I like remembering that young girl once a year. I like seeing it in the joy in my sons’ eyes. I like sitting on a porch with coffee cup in hand, listening to the birds and the voices of others from inside their little cottages all lined up in rows.

Peace manages to still live here, amidst some of the hate that slips through the cracks of even the most hallowed of places. Once per year, I like to remember that peace exists; I like to remember what it felt like to believe that we were all equal. With all the hate crushing so many lives and souls in daily life, I wish this same feeling of peace could settle into the hearts of all. And that young, naive young girl who still haunts these brick streets still believes that’s possiblie.

Maybe it is.

The Speed of Summer

The Speed of Summer

Nothing like a summer cold to slow you right down, to plop you back into bed allowing you to watch the clouds float by the window above your bed.

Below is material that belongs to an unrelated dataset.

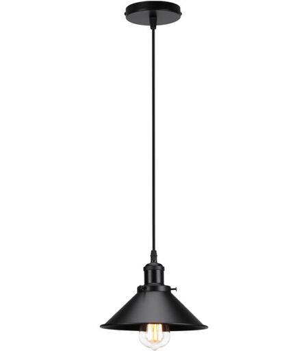 NORCKS Lampes à Suspension Rétro Lustre Vintage 220MM E27 (Noir) Plafonnier Industriel Abat-Jour En Métal Pour Loft Restaurant Café Bar

Because summer moves much too quickly.

Whether you’re vacationing or your kids travel somewhere without you; whether you’re playing baseball or watching endless baseball games; whether you’re swimming in a pool or an ocean or a lake or your own sweat; whether you’re trying to run outdoors in the heat or indoors on the treadmill or maybe not at all; whether you let the kids stay up late to chase lightning bugs and make S’mores or send them to bed early because omg, sometimes you just need a little peace; whether you’re grilling steaks or grazing on veggie plates or eating sandwiches or going out to dinner; whether you ever catch up on the laundry—or not; whether you make time to see your friends or the busy nature of summer schedules steals them away until fall; whether you have time off or spend your days in an air conditioned cubicle or office; whether you take time to smell the flowers or they given you allergies; whether you’re chasing Pokemon or complaining about others having fun; whether it’s your favorite season or your least, summer speeds right on by.

Right. On. By.

I’m reminded of my late grandmother’s warning about how time only moves faster and faster.

When you’re a teenager, that doesn’t seem to make any sense. Time is a set standard, based on the Earth’s rotation, right? How could it move faster?

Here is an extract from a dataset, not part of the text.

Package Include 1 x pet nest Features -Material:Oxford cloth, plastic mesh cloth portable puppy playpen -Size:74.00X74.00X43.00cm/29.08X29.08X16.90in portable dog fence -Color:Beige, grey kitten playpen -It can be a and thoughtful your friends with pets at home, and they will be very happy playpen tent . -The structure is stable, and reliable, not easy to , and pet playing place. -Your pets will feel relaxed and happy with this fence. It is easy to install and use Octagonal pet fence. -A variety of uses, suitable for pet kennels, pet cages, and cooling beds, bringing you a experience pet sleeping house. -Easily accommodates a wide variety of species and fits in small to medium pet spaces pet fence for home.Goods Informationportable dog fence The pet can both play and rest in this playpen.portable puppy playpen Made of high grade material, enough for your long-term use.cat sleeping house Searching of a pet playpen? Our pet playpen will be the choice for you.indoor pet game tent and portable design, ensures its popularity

And while I run the risk of sounding sappy, I must agree her advice rings true. Maybe not on the hardest days of parenting. Oh, those days seem to drag on for years. Trying to raise two sons to act with respect and compassion feels like an endless dance on hot coals with society throwing flaming hot daggers to make it all the more interesting; difficult.

But the boys came home from traveling with my parents at least an inch taller each. Once, when I talked to our older son on the phone, he carried on a legitimate conversation that included phrases like, “Well, that’s very interesting.” I’m sorry. What? Who are you?

Time keeps spinning out of my control. I can’t seem to stay on top of my cleaning schedule, my day job, my night-job, my kids’ social schedule, my social schedule, date night, the gray in my hair, the hair on my legs, bodily hair in general (omg, my eyebrows), the news, politics, the latest technology my kids find interesting, the latest warnings about the technology my kids find interesting, the garden, the flowers, the dog’s brushing schedule, when did the dog last get a bath?, dinner, dinner, dinner, dinner, why do we require food sustenance every single day?, multiple times per day?, we’ve only been to the pool three times, overdue library books, and hey, sometimes I like to write because it makes me feel good, like I’ve accomplished something when everything else seems mostly half-assed.

And so I sit in my rocking chair, blowing my nose and coughing up gunk, watching the clouds float by the other bedroom window. I sit and breathe ohsoslow so as not to start off a coughing jag. I drink my water. The boys run in, as fast as the summer speeds by, to check on me. I rock and remember a time when I felt so overwhelmed by the length of the days, those early newborn days spent in a haze of half-awake, half-asleep, mostly lost.

There’s too much to do and not enough time to get it all done. Yes, being sick on top of it all feels like some kind of punishment for enjoying summer so far. But despite a lengthy to-do list and a growing pile of tissues, I kind of feel like this summer is maybe, almost, perhaps just the right speed. For this year. For us.